The tiny town of Miram which is located on the Adelaide-Melbourne railway line, about 10 km northeast of Kaniva was named after the locality of mripiram later expressed as Miram Piram.  It was shortened to Miram in 1904.  Miram is an Aboriginal word for the bough of a tree.

European settlement commenced in the area during the 1870s.  In 1884 a school was opened.  In 1887 the railway from Dimboola to Serviceton was extended and this resulted in the expansion of the district’s farming activity.  Prior to this the district’s wheat crops were carried to Dimboola or South Australia by road wagons.

In 1888 Miram’s first store was opened by George Coles (1833-1866).  His son, Sir George James Coles, was the founder of the national variety stores chain, G.J. Coles and Company.   In April 1903 the Miram store was acquired by Philip Wheaton.  It was operated by the Wheaton family up until 2000.

The store was more than a grocery store.  It also stocked drapery, footwear, millinery, glassware, menswear, timber, hardware, iron, motor oils, and even wireless receivers.   It provided an electricity supply for the town and a permanent water supply.  Fresh eggs were sold from the Wheaton’s poultry farm, fresh milk from their Friesian dairy herd, cream & butter, and a meat supply from their beef herd.  The store also served as a Post Office.

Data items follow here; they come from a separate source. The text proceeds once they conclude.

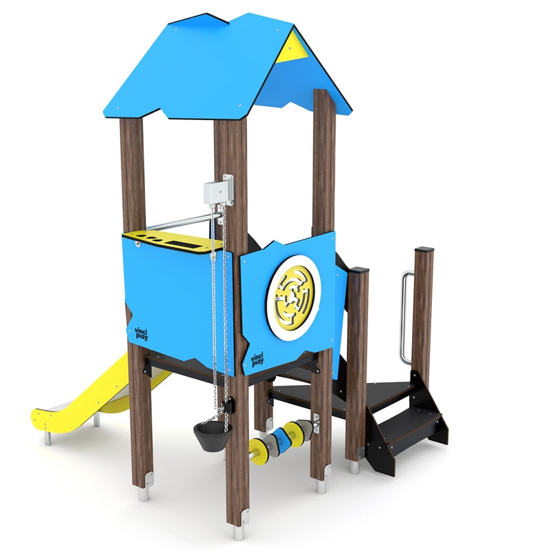 Tårn sklie og sanse opplevelser for de mindre barna i serien Wooden som er flotte klassiske lekeapparater med smarte løsninger og fokus på universell utforming.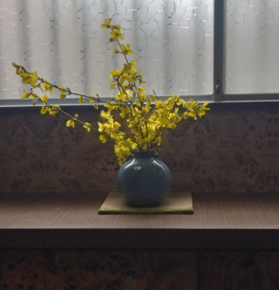 レンギョウが事務所玄関に彩を添えています。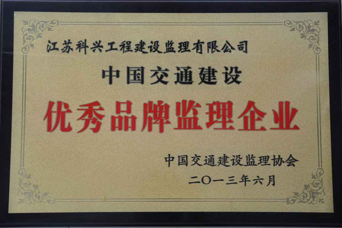 | 江苏乐动(中国)监理公司荣获中国交通建设优秀品牌监理企业称号 | |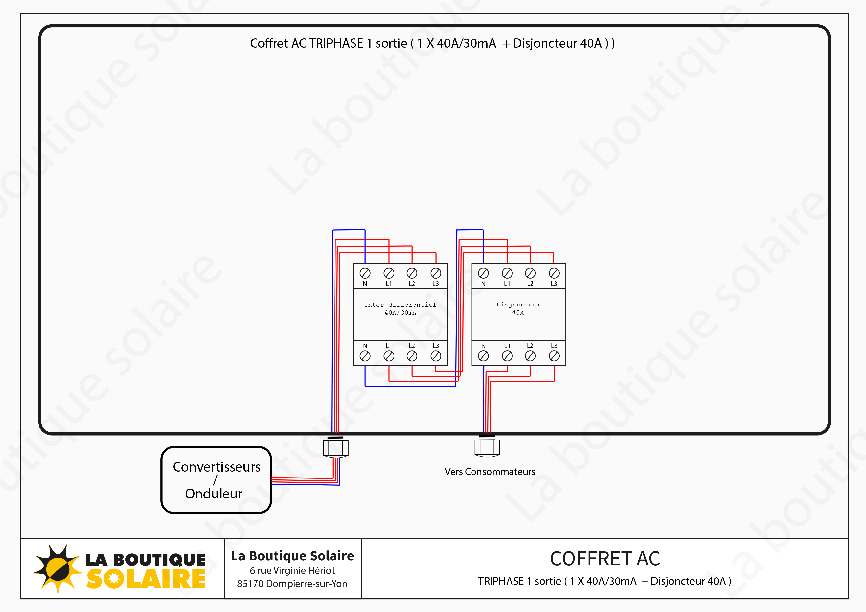 Le coffret AC triphasé peut être composé d'un sectionneur + parafoudre entre l'EDF et l'onduleur ainsi qu'un inter-différentiel et un disjoncteur pour protéger la sortie du tableau électrique.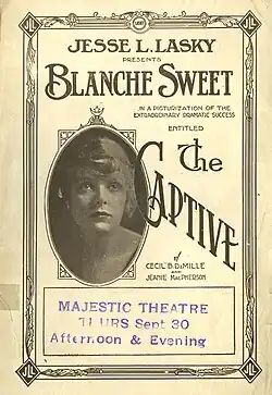 The Captive is an American silent-era film released on April 22, 1915. It was released on five reels.[3] The film was written, directed, edited, and produced by Cecil B. DeMille. Jesse L. Lasky was another producer and Jeanie MacPherson worked with DeMille to write the screenplay. The film is based on a play written by Cecil B. DeMille and Jeanie MacPherson. The Captive grossed over $56,000[4] on a budget of $12,154.[5] Blanche Sweet stars as Sonia Martinovich, alongside House Peters who stars as Mahmud Hassan. The film details the romantic war-era plight of Sonia and her lover Mahmud.

In 1890 an Anglican church was opened in Miram, with the Wheaton family running a Methodist Sunday school for nearly 50 years.  In 1914, a public hall was built and in 1939 silos were built near the railway station.  The 1950s started to see the demise of Miram.  In 1952 the Miram school was closed with children being bussed to the Kaniva Consolidated School.  In 1960 the Anglican church close, followed by the Methodist church in 1964.

On some maps the park may show as the Mirampiram Nature Conservation Reserve.  It is located on Sandsmere Hall Road, a few hundred metres east of the Broughton Road intersection.  The park is a small piece of remnant scrub which is surrounded by cleared farming land.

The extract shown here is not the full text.